MR WILLS: That post mortem is at page 113 to 118 of the record, Chairperson, committee members. Now, if the committee will just bear with me. Now, why did you participate in this incident on the 26th of September 1996, 1992?
MR WILLS: Now, you made a statement in, which you attached to your amnesty application and that has been handed in as and listed 35A. The statement that you assisted in the translation with earlier. Do you remember this statement?
MR NZIMANDE: It might happen that some of the things inside the letter are true and some might not be, because I wrote it while in prison and I did not have anyone to help me to relate the story, but I believe most of the things are true, not everything.
MR WILLS: Now, you say in the statement that after the death of Spatelie Poswa, you stayed in the Richmond area for two weeks, but, importantly, you went to the Magistrates Court in Richmond to try and get the magistrate to assist in the resolution of this problem. Is that correct?
MR WILLS: Now, Mr Poswa has given evidence to the effect that the violence started in 1991 and he has basically said that it was very difficult for an ANC member after, in fact, 1992 to reside in Gengeshe. Do you remember that evidence?
MR WILLS: Sorry. Reference has been made to a, the camp, to a camp and Mr Poswa has described how when the group of ANC supporters arrived at Gengeshe on the morning of the 26th of September, the IFP members were at a camp. Do you recall that evidence?
JUDGE WILSON: As I understand the use of the word "camp" in this context, it does not mean "camp" in the sense that it is usually used in the English language or an area where people can come and stay. It means, rather more, a fortified area where a group of people are staying.
MR WILLS: If the committee would just bear with me. Yes, just one final issue. You heard me questioning Mr Poswa at some length about the deceased persons and those persons who you were charged in respect of attempting to murder the two that were, you were charged with attempted murder. There were nine deceased persons and two people who you were convicted for attempting to murder. Do you recall that?
ADV MPSHE: Did you know that, perhaps, there was a policy by the ANC that when you are, you, as ANC members, are attacked you must attack back? Did you know this or you did this out of your own volution?
ADV MPSHE: In your statement, which was translated, I refer members of committee to 35A, his statement, you made mention of the fact that you went to a magistrate in Richmond. Do you remember the magistrate's name?
MR NZIMANDE: We were new in that area. We went to report the matter to the magistrate that as we were staying in Richmond we have, facing some problem in that area, because people are burning our houses and also taking our belongings. However, I do not know what was his name.
MR NZIMANDE: As we were asking them to go back to the IFP people to come back to Richmond so that we can sit down and talk, they said when they arrived at Gengeshe they came with the answer that they are not accepting our request.

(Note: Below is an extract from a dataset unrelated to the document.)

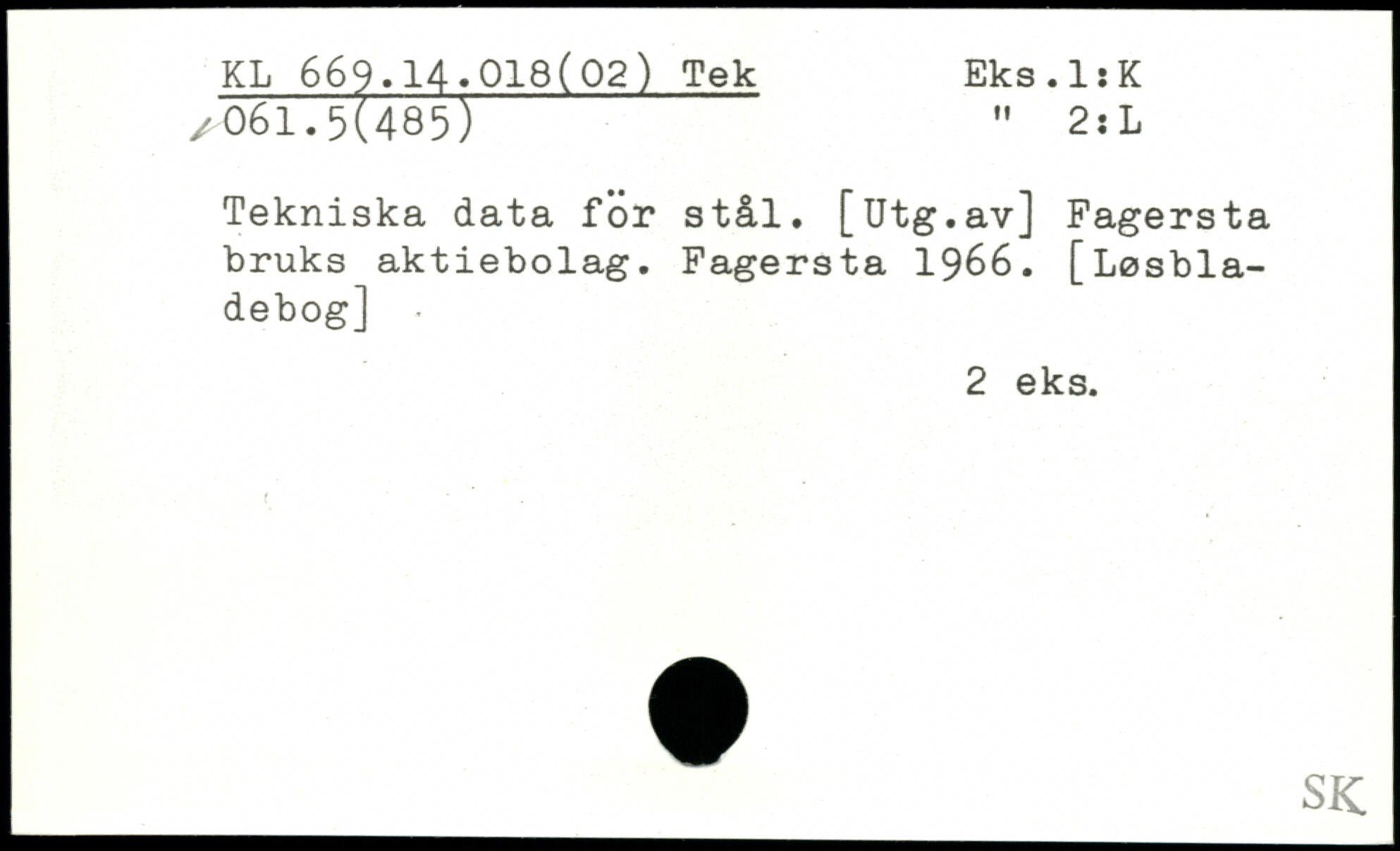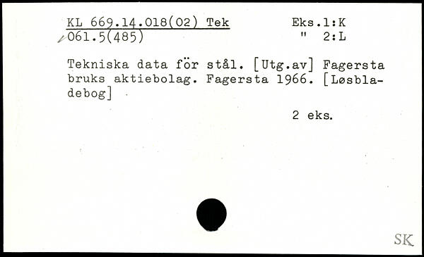 Tekniska data för stål. [Utg.av] Pagersta bruks aktiebolag. Fagersta 1966. [Losbla-debog].
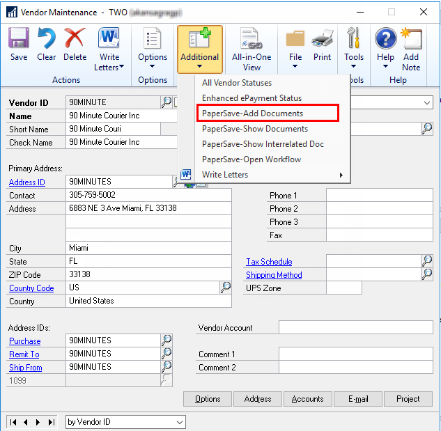Follow the below steps to add a new document directly to Dynamics GP record:

"Every weekend we buried our supporters and they were saying that they were going to finish us off.".
MS KHAMPEPE: Mr Mpshe, may I interpose. Does it mean that when you were at Ndaleni the alleged members of the PAC, sorry, of the IFP from Gengeshe came and continued to launch attacks against you whilst you were at Ndaleni?
ADV MPSHE: Part of the mandate or the mission of the Truth Commission is to go to the root or the cause of some of these things. In your own words, can you tell us what the cause was of all this happened in Gengeshe?
MS KHAMPEPE: ... Becker Poswa. I am sorry. All the questions that I have put to you, in fact, relate to the injuries sustained by, the injuries sustained by Mr Becker Poswa. Did you participate in the killing of Mr Becker Poswa?
MR WILLS: Now, you referred, in answer to a question from the evidence leader, that whilst you were staying at Ndaleni you were burying people and one of the committee members asked you whether or not these people were originally from Gengeshe. Do you remember that?
MR POSWA: No, we were not free. On the 12th I was at home. I left at about half past three, going back to work. When I arrived at home in Claremont where I stay, I got a call telling me that my brother's son has been shot. I asked who shot him. They said he was shot by Keswa Poswa. On the following day, I could not go on that particular day, because it was late at night. The following day myself and Armond Poswa and Vimba Poswa, we drove to Richmond. We arrived in Richmond, we found my brothers sitting at the garage and I asked what happened. They told us that the son has been shot and been taken to a mortuary. Vimba Poswa and Fana Poswa, Armond Poswa left to Gengeshe. Only the IFP people were left behind, Zimboeza and others. They were trying to go and talk to them to find out the cause of his death, the reason why he was shot.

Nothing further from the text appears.